I am grateful also to have a new comprehension of Cauvin as a biblical exegete. Robinson's assessment of his notes for the Geneva Bible is that they have great interest as "background for English and American history and literature into the 18th century." Her statement that Cauvin's use of Jewish scholarly sources led him to "a distinctive understanding of the Old Testament which allowed Jews and Judaism to flourish safely in Calvinist societies as they could not anywhere else in European Christendom" gave me hope.

It has been the polity of the Presbyterian churches--certainly not the poetry of their worship--that most attracts me, and now I can more clearly see its roots in Cauvin's antihierarchical ideas of civil governance, which were rightly considered seditious by the reigning monarchs of his time. Robinson finds it ironic that American culture, "by supposing it has in fact rejected or defied [Cauvin's] heritage," has done so "precisely in carrying forward its most distinctive elements." Among these she cites a "relatively popular government, the relatively high status of women, the separation of church and state, and what remains of universal schooling." Reading Robinson's convincing arguments on this score leads me to a radical thought of my own: now that we have begun to acknowledge the influence of Seneca and Iroquois polity on our country's foundation, might we just as happily acknowledge Jean Cauvin?

Two essays on Cauvin and the brilliant "Prigs and Puritans" constitute the core of Robinson's book. In the latter she effectively skewers the stereotype of Puritans as "characterized by . . . fear or hatred of the body, anxiety about sex, denigration of women." In a typical passage, Robinon presents a more profound and sympathetic understanding of the Puritan worldview, and asks us to consider that our own world may be far more cruel and priggish than the Puritans'.

"The belief that we are all sinners gives us excellent grounds for forgiveness and self-forgiveness, and is kindlier than any expectation that we might all be saints" once the bad ideas, words and people are identified and expunged. "Gross error survives every attempt at perfection," Robinson writes, adding: "No Calvinist could be surprised. No reader of history could be surprised."

Ideologues of all stripes are likely to be enraged by this book--which seems like poetic justice to me. But if readers are willing to engage a book that may chip away at their ignorance and challenge their most dearly held assumptions and stereotypes, then Robinson's book will do its work. She forces us to look at ourselves in a new light: to see our lamentable tendency to "visit our sins upon the fathers," and to carp at each other over bits of language.
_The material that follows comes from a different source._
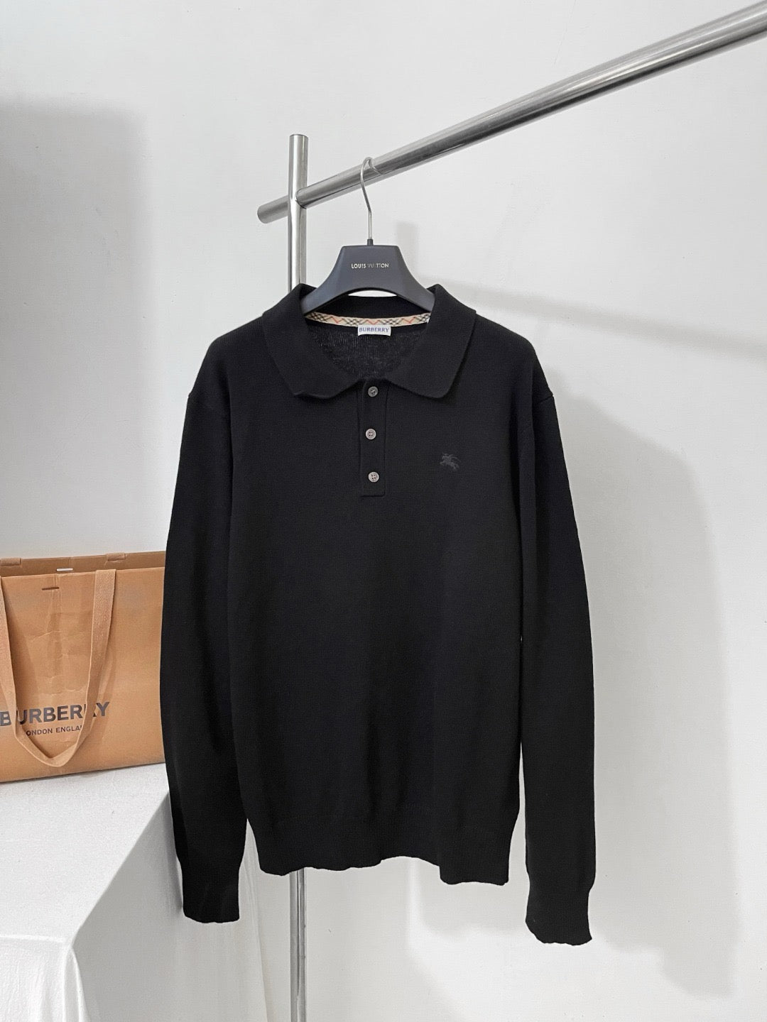 버버리 롱 슬리브 캐시미어 블렌드 폴로셔츠
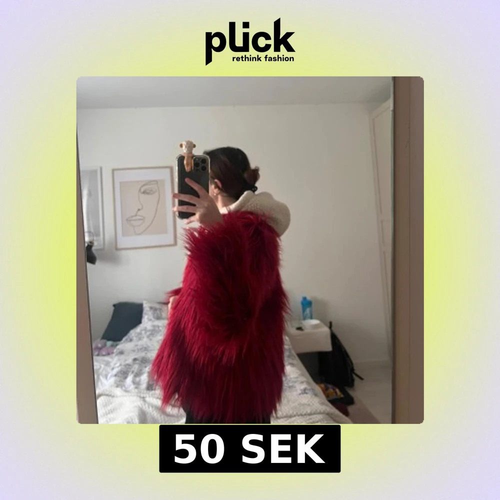 Säljer en cool röd pälsjacka från Zara. Jackan har en fluffig design med långa ärmar. Köpt på baravdelning men kommer passa en mindre xs. Jag är 166 cm lång.

In a brilliant passage in "Prigs and Puritans" she analyses the public assault that a younger woman makes on an elderly man over a term that she perceives as "ethnocentric." Robinson concludes: "I have not yet found a Puritan whose Calvinism was so decayed that he or she would say to another soul, I am within the kingdom of the elect and you are outside it. But translated into the terms of contemporary understanding . . . that is what that woman said to that man."

Robinson's book is a valuable contribution to American life and letters. Still, I wish she would write another novel.